The articles are considered as possible Topics that the robot can talk about, while each link in the
article is treated as new information that the user can shift their attention to, and ask for more
information. The paragraphs and sentences in the article are considered as propositional chunks,
i.e. pieces of information that structure the topic into subtopics and form the minimal units for
presentation, i.e. they can be presented in one 'utterance' by the robot.
The challenge in presenting the Wikipedia information is how to convey its structure to the user
so that she can understand which are the new information links, and how to navigate in the topic
structure smoothly. In dialogue management, topics are usually managed by a stack, which
allows a convenient last-in-first-out mechanism to handle topics that have been recently talked
about. We use topic trees (cf. McCoy and Cheng 1990, Jokinen et al. 1996) in which topics are
structured into a tree that enables more flexible management of the recent topics.

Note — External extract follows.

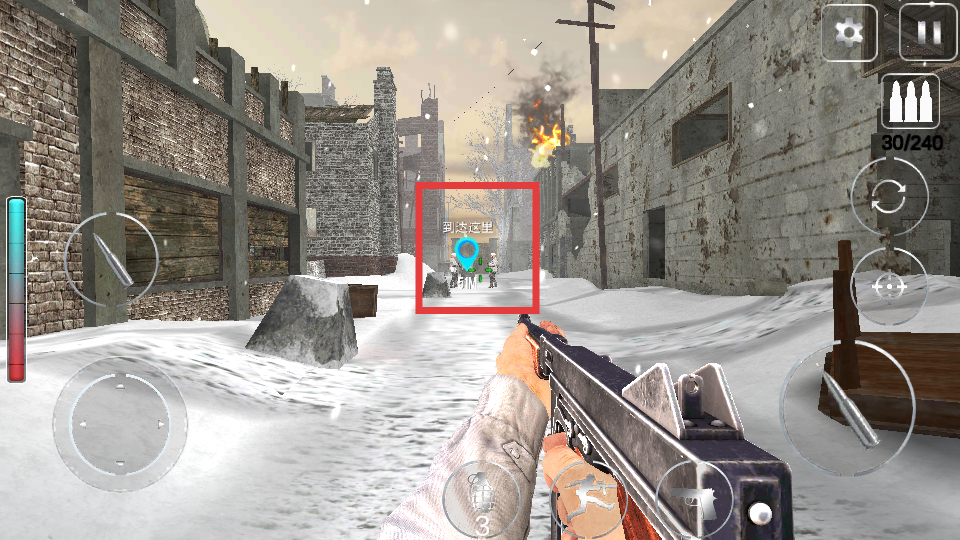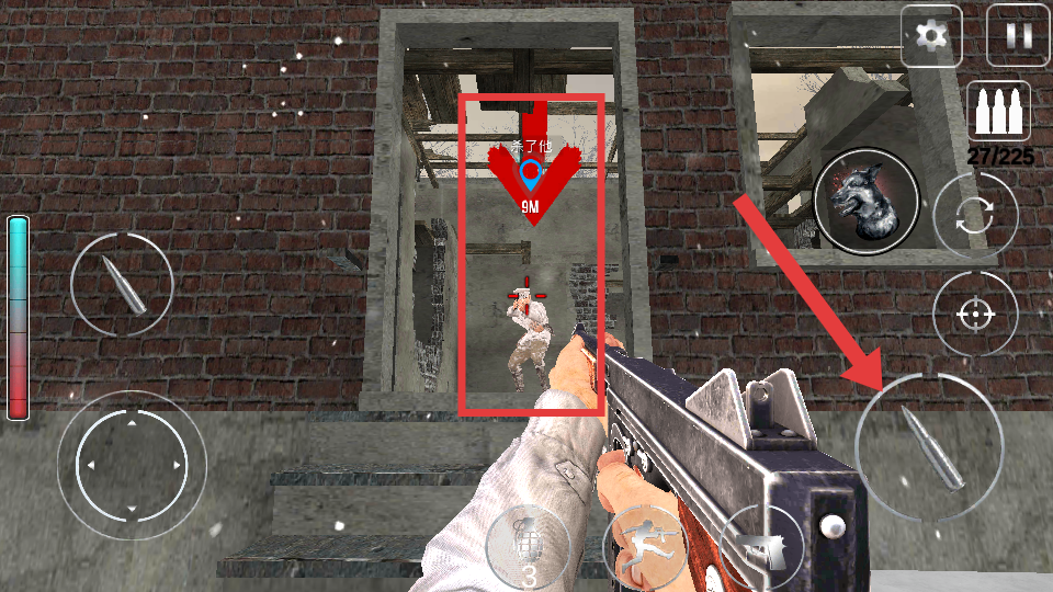 3、瞄准标记为“杀了他”的目标,点击射击按钮消灭敌人,完成击杀任务。
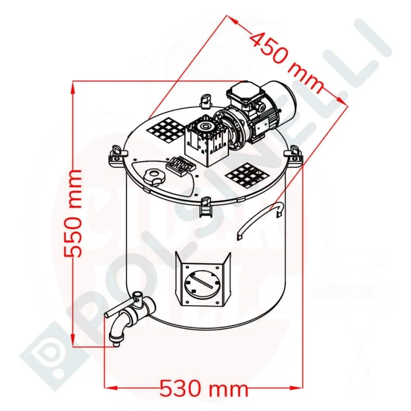 Komplektā ar pārtikas kvalitātes silikona skrāpja sloksni, kas uzklāta uz apakšējās lāpstas, lai novērstu piedegšanu un produkta karamelizāciju. Aprīkots ar 1" nerūsējošā tērauda lodveida krānu, analogu termometru ar nerūsējošā tērauda aizsardzību, augsta biezuma pastiprinātu vāku ar atverēm tvaika izvadei, reduktoru un asmeņiem. Ideāli piemērots augstas kvalitātes ievārījuma ražošanai, pateicoties profesionālam analogajam termometram, varēsiet kontrolēt temperatūru. Ražots mūsu uzņēmumā un izgatavots no augsta biezuma nerūsējošā tērauda 18/10 (AISI 304).

Moreover, we use the concepts of Topic and NewInfo (Jokinen 2009) where Topic refers to the
particular issue (Wiki-article) that the speakers are talking about, and NewInfo is the part of the
message that is new in the context of the current Topic (links). It must be emphasized that the
dialogue coherence, i.e. the relation between consecutive utterances being such that the listener
can readily understand what their connection is, appears straightforward: we can rely on the
structure of the Wikipedia to provide coherence for us. As the Wikipedia articles have already
been written so that they form a coherent text, we take advantage of this and assume that the
content of the topics and possible NewInfo links is coherent. Meaningfulness of the interaction is
based on the user's interest rather than a particular task structure that would limit the suitable
topics for the interaction.
However, what is important in our case is to capture the speakers' attentional state in such a way
that the user can focus their attention to NewInfo. We have experimented with various gestures to
mark the NewInfo and to provide structuring for the WikiTalk presentation. Gesture and posture
changes could also be used to help manage turntaking in Nao’s dialogue, while the inclusion of
gesture in Nao’s conversational repertoire would also enhance expressivity and add liveliness to
the interaction. We identified a set of gestures which could be used to:
• Mark discourse level details such as paragraph and sentence boundaries.
• Indicate hyperlinks
• Help manage turntaking
• Add expressivity or liveliness
KEYWORDS: discourse and dialogue structuring, topic trees, new information, Wikipedia,
feedback, turn-taking